- _What to produce_:
With pictures left out, output exactly the lines from the line holding "Uche Ojembe &" through the end of the data, both included.

- _Collected material_:

+++

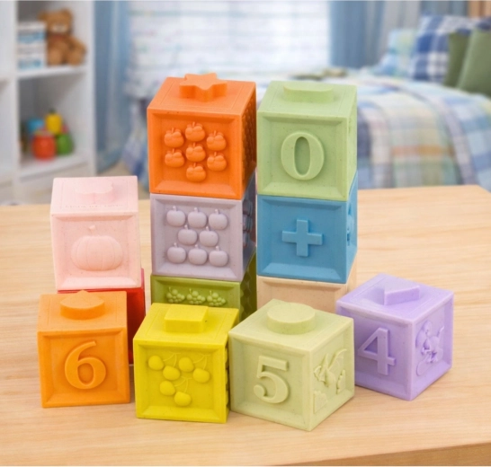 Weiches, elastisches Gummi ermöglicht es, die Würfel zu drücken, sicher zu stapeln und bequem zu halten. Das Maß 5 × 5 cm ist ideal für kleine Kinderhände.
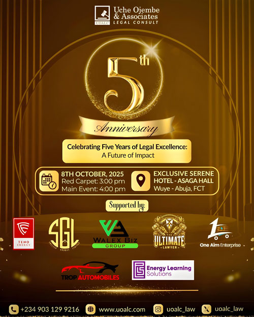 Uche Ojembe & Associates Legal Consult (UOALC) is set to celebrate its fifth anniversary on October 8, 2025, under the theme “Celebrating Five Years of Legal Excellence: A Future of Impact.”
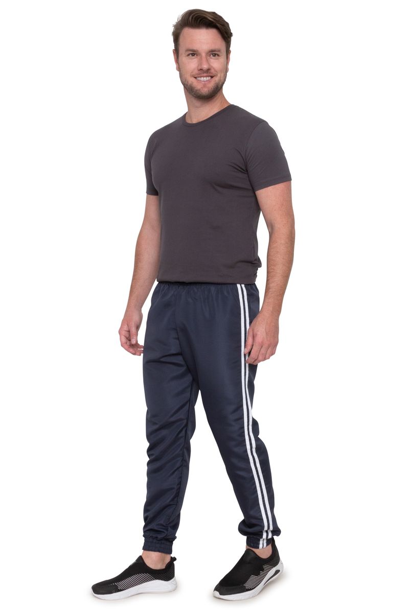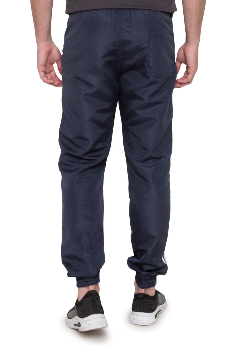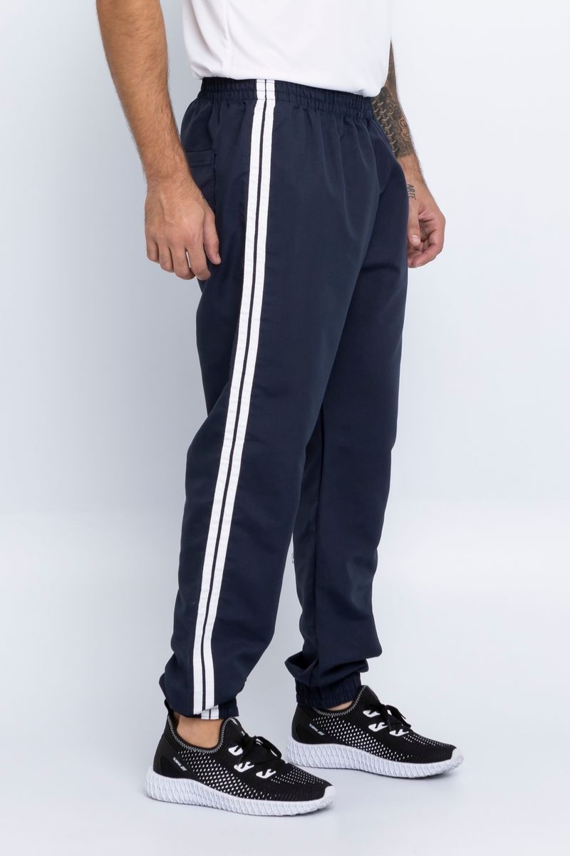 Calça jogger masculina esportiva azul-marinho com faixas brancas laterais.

+++

- _Problem solution_:
 Uche Ojembe & Associates Legal Consult (UOALC) is set to celebrate its fifth anniversary on October 8, 2025, under the theme “Celebrating Five Years of Legal Excellence: A Future of Impact.”
 Calça jogger masculina esportiva azul-marinho com faixas brancas laterais.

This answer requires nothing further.